Perhaps by removing the variables that appear not to be helpful in
predicting direction
, we can obtain a more effective model.
After all, using predictors that have no relationship with the response
tends to cause a deterioration in the test error rate (since such
predictors cause an increase in variance without a corresponding
decrease in bias), and so removing such predictors may in turn yield an
improvement.
Below we have refit the logistic regression using just
lagone
and lagtwo
, which seemed to have the
highest predictive power in the original logistic regression model.
glm.fits <- glm(Direction ~ Lag1 + Lag2, data = Smarket, family = binomial, subset = train)
glm.probs <- predict(glm.fits, Smarket.2005, type = "response")
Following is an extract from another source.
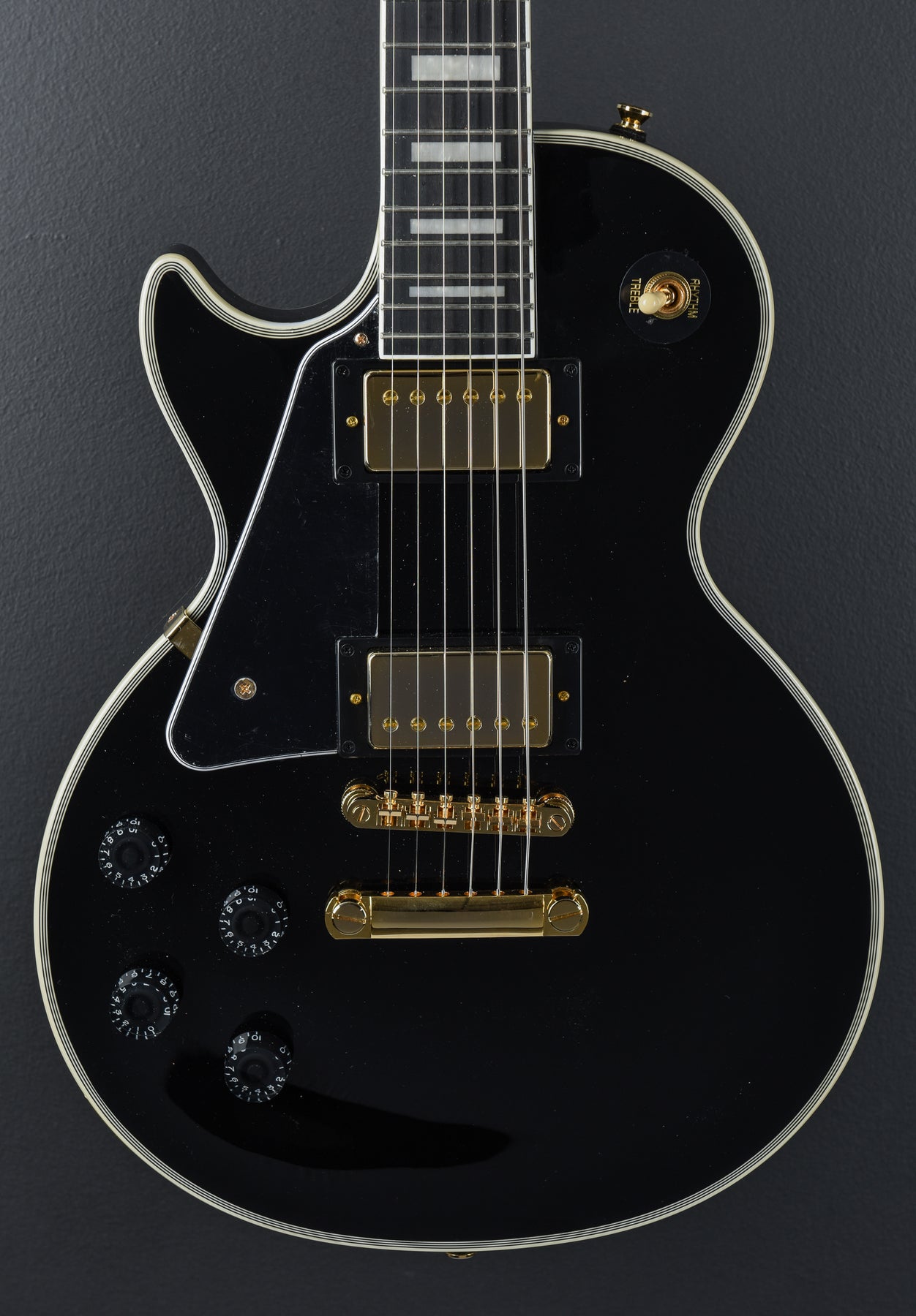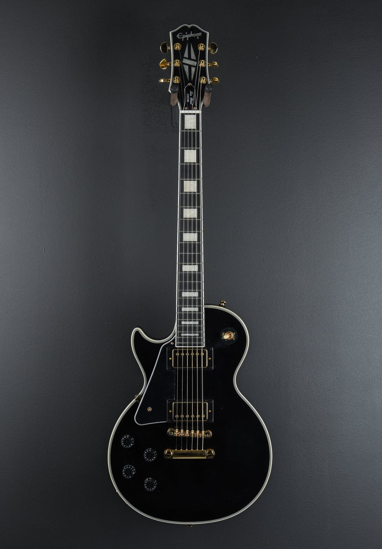 "The new Les Paul Custom is part of Epiphone’s Inspired by Gibson Collection and honors the 1950s classic designed by Mr. Les Paul himself in 1954 as the “tuxedo” version of his groundbreaking solid body masterpiece. Featuring the traditional Custom bound all-mahogany body, 60s SlimTaper™ neck profile, ebony fingerboard with block inlays, gold Epiphone LockTone™ Tune-O-Matic™ bridge and Stop Bar tailpiece, a pair of critically acclaimed Epiphone ProBucker™ humbuckers, and Custom split-diamond inlay on the headstock. This Epiphone Inspired by Gibson model also has the 60s style Kalamazoo headstock, rolled neck for a comfortable feel, Graph Tech® NuBone® nut, era-appropriate wiring, and CTS® pots. Optional hardshell or EpiLite Case is available."

glm.pred <- rep("Down", 252)
glm.pred[glm.probs > .5] <- "Up"
table(glm.pred, Direction.2005)
## Direction.2005
## glm.pred Down Up
## Down 35 35
## Up 76 106
mean(glm.pred == Direction.2005)
## [1] 0.5595238
precision = 106 / (106 + 76); precision
## [1] 0.5824176
Now the results appear to be a little better: \(56\%\) of the daily movements have been correctly predicted. It is worth noting that in this case, a much simpler strategy of predicting that the market will increase every day will also be correct \(56\%\) of the time! Hence, in terms of overall error rate, the logistic regression method is no better than the naive approach. However, the confusion matrix shows that on days when logistic regression predicts an increase in the market, it has a \(58\%\) accuracy rate. This suggests a possible trading strategy of buying on days when the model predicts an increasing market, and avoiding trades on days when a decrease is predicted. Of course one would need to investigate more carefully whether this small improvement was real or just due to random chance.
Suppose that we want to predict the returns associated with
particular values of lagone
and lagtwo
. In
particular, we want to predict direction
on a day when
lagone
and lagtwo
equal 1.2 and 1.1,
respectively, and on a day when they equal 1.5 and -0.8. We do this
using the predict()
function.
predict(glm.fits,
newdata = data.frame(Lag1 = c(1.2, 1.5), Lag2 = c(1.1, -0.8)),
type = "response"
)
## 1 2
## 0.4791462 0.4960939
We extend logistic regression with \(\ell_2\) (ridge) and \(\ell_1\) (lasso) penalties using
glmnet
. Standardization matters for
penalized models; glmnet()
standardizes predictors
by default. If you manually scale features, use
training-set statistics only to avoid leakage.
We predict Direction
(Up/Down) from
Lag1
–Lag5
and Volume
using the
same train/test split as before (train:
Year < 2005
; test: 2005). We select the tuning parameter
\(\lambda\) by
cross-validation.
library(glmnet)
## Loading required package: Matrix
## Loaded glmnet 4.1-10
# Design matrix (drop intercept) and response
x <- model.matrix(Direction ~ Lag1 + Lag2 + Lag3 + Lag4 + Lag5 + Volume, data = Smarket)[, -1]
y <- Smarket$Direction
# Train/test split (consistent with earlier section)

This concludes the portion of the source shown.